The Jessica Lunsford Act Goes Into Effect Soon

By: Donna Davis
By: Donna Davis

A law that is supposed to make your child safer at school goes into effect in two weeks, and it will cost a bundle.

The Jessica Lunsford Act says anyone who comes on school property and contracts with the school must be fingerprinted. School officials say most districts probably won’t meet that deadline.

Sam Lewis says he feels better about sending his daughter Chelsea to school knowing the Jessica Lunsford Act is designed to keep sexual predators out.

“It lets the public know who is going to schools and makes parents feel safer.”

Jessica Lunsford was allegedly killed by a sex offender who did work at her school.

As of September 1, anyone who comes on school property from salespeople to construction workers must go through a background check.

Allen Douglas of the Association of General Contractors says the law goes too far by requiring more than a check against the sex offender list, and he says it’s not practical.

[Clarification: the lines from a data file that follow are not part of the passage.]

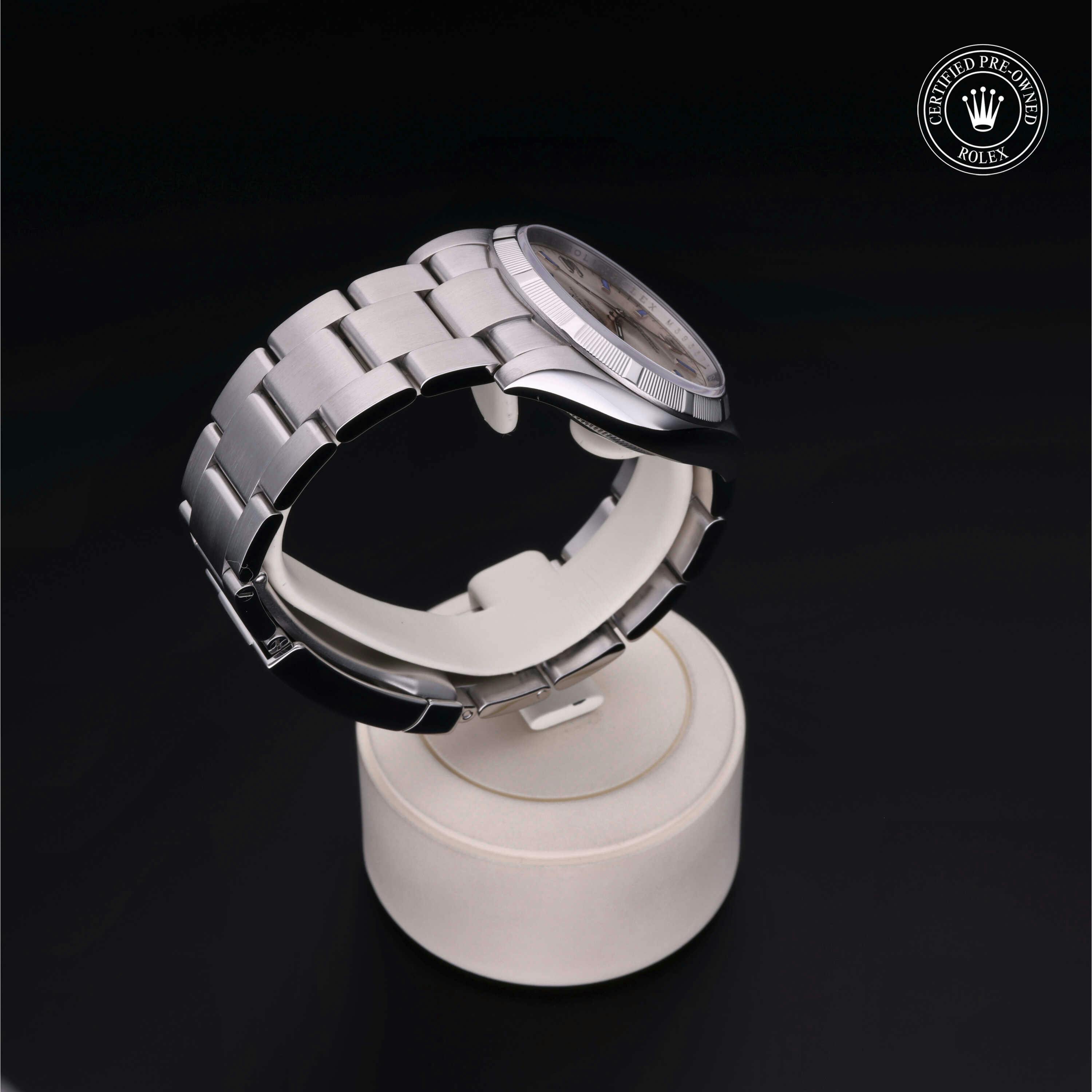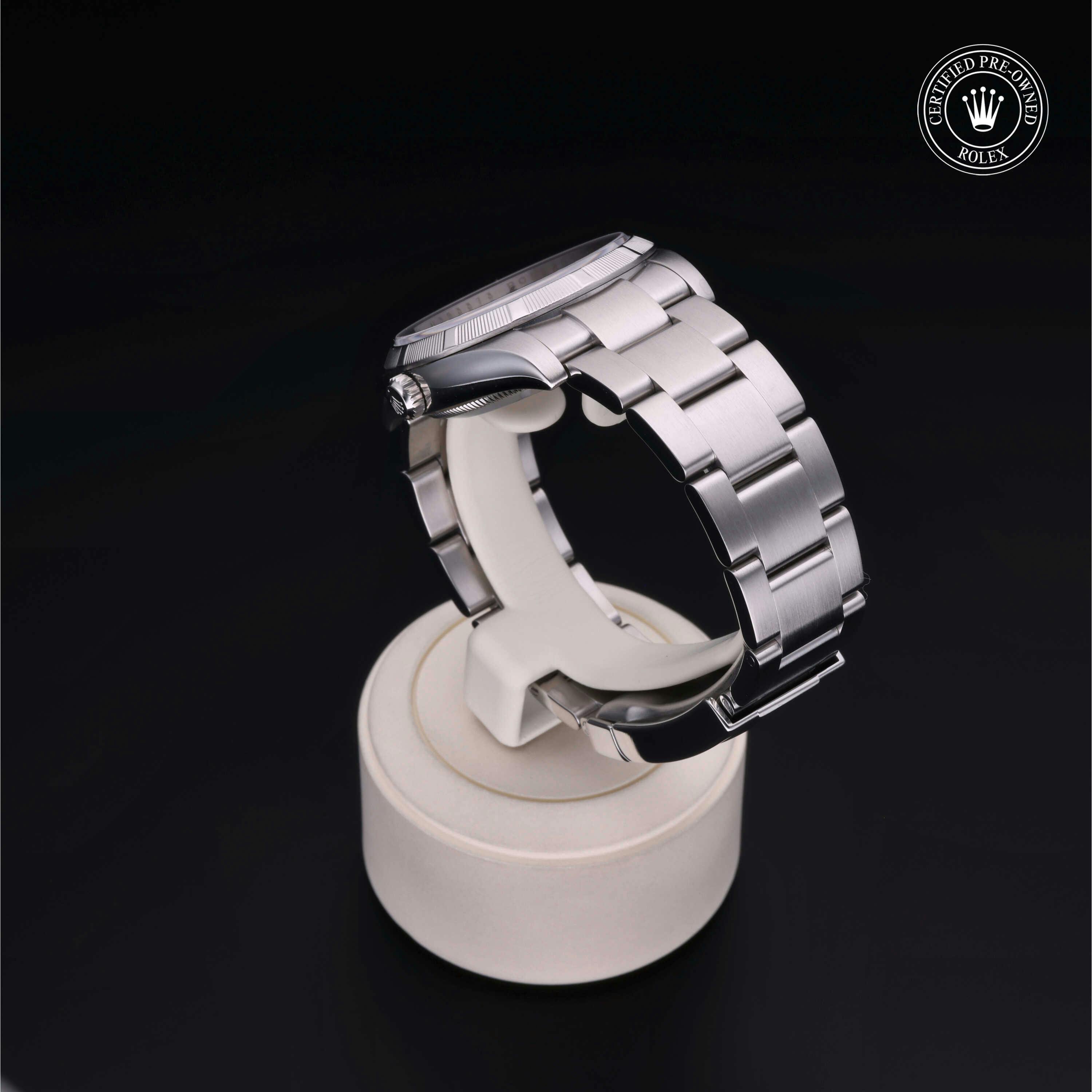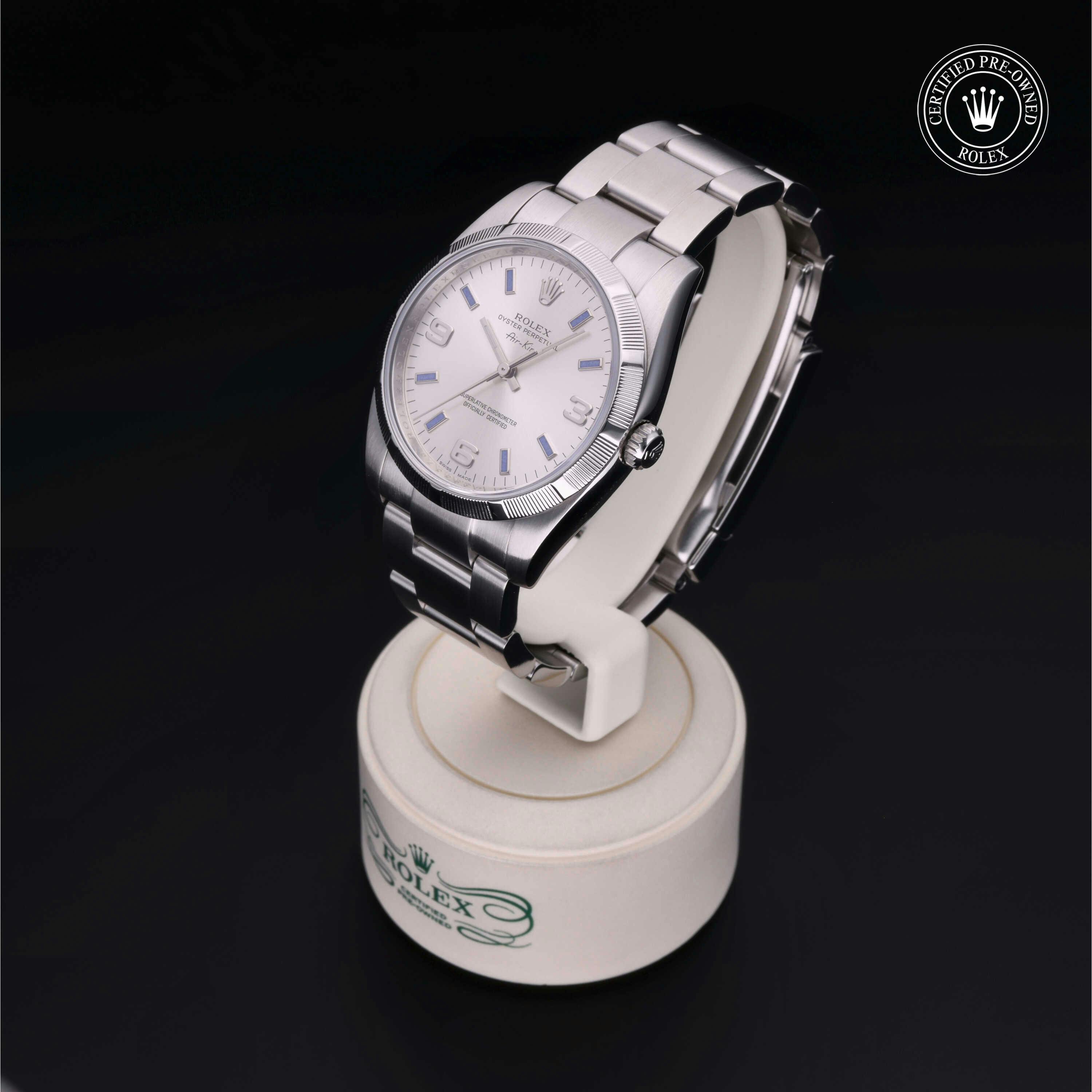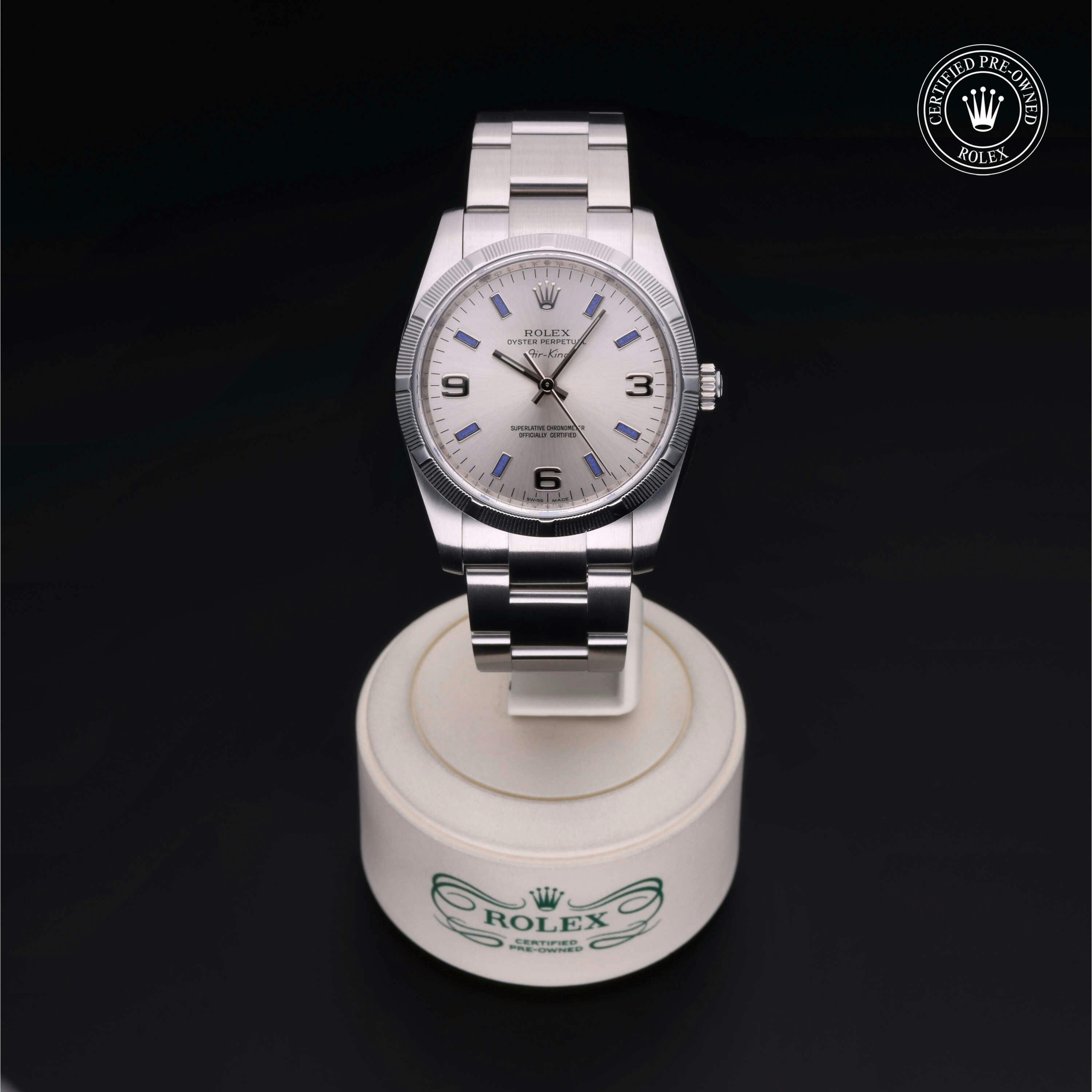 Rolex Certified Pre-Owned Air-King (114200) self - winding automatic watch, features a 34mm stainless steel case and engine-turned bezel surrounding a silver dial on a stainless steel oyster bracelet. Functions include hours, minutes and seconds. This watch has received Rolex-authorized service and certification. It does not come with the original box or papers, but includes a custom Rolex Certified Pre-Owned hang tag, travel pouch and RCPO international warranty card.
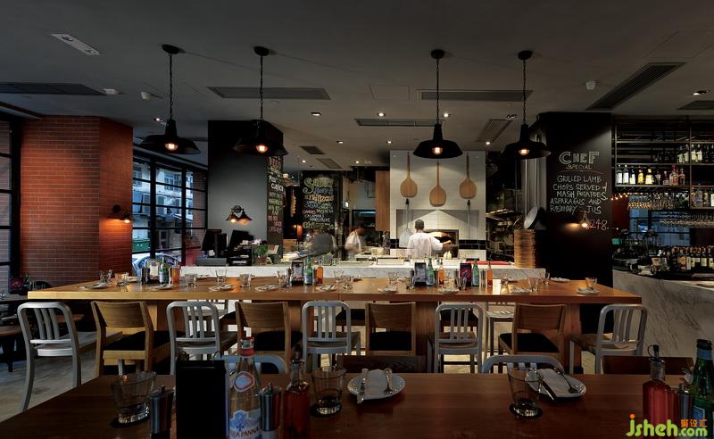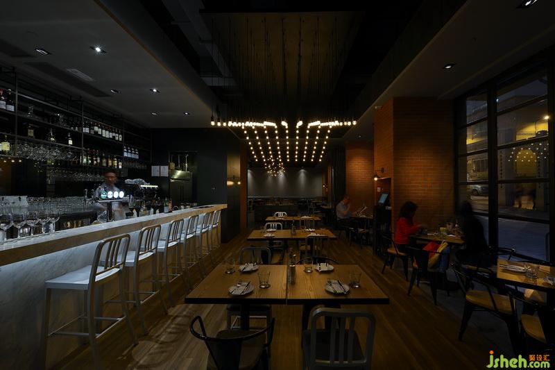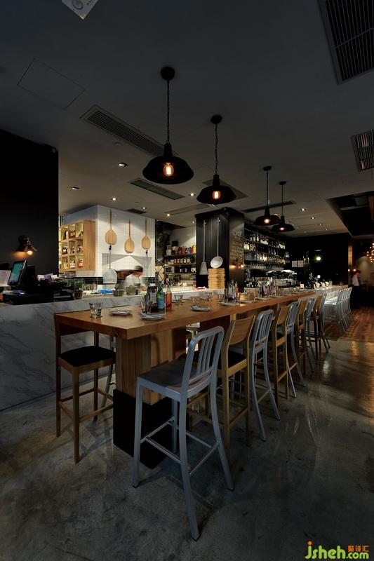 與開放式廚房并列的吧臺區(qū)是夜晚客的天堂
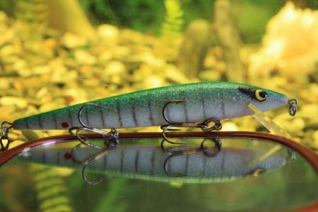 Бесспорно, смещение общей массы приманки к ее голове напрямую повлияет на центр тяжести тела воблера в потоке. Но фишка заключается в том, что если внимательно проследить за поведением приманки в процессе движения сверху, то будут хорошо заметны именно боковые колебания, которые имеют так называемую вертикальную ось. Ну а она и есть та точка, которая определяет центр тяжести воблера и, как правило, непосредственно в ее близости расположена петля, цепляющая нижний тройник.

“You can have hundreds of people coming and going, delivery drivers, people delivering food. Logistically, it’s hard to keep track of everyone.”

School officials have heard the complaints and say the Legislature may have to make the law easier to implement. The other problem – time.

Wayne Blanton is President of the Florida School Board Association and says, “We’ll get it done; by September first, I doubt it.”

Blanton says the Florida Legislature may take up the issue in a special session.

The cost of the background checks required by the Lunsford Law is also an issue. Each background check costs anywhere from $65 to $80 and there will have to be thousands of them in order to comply with the new law.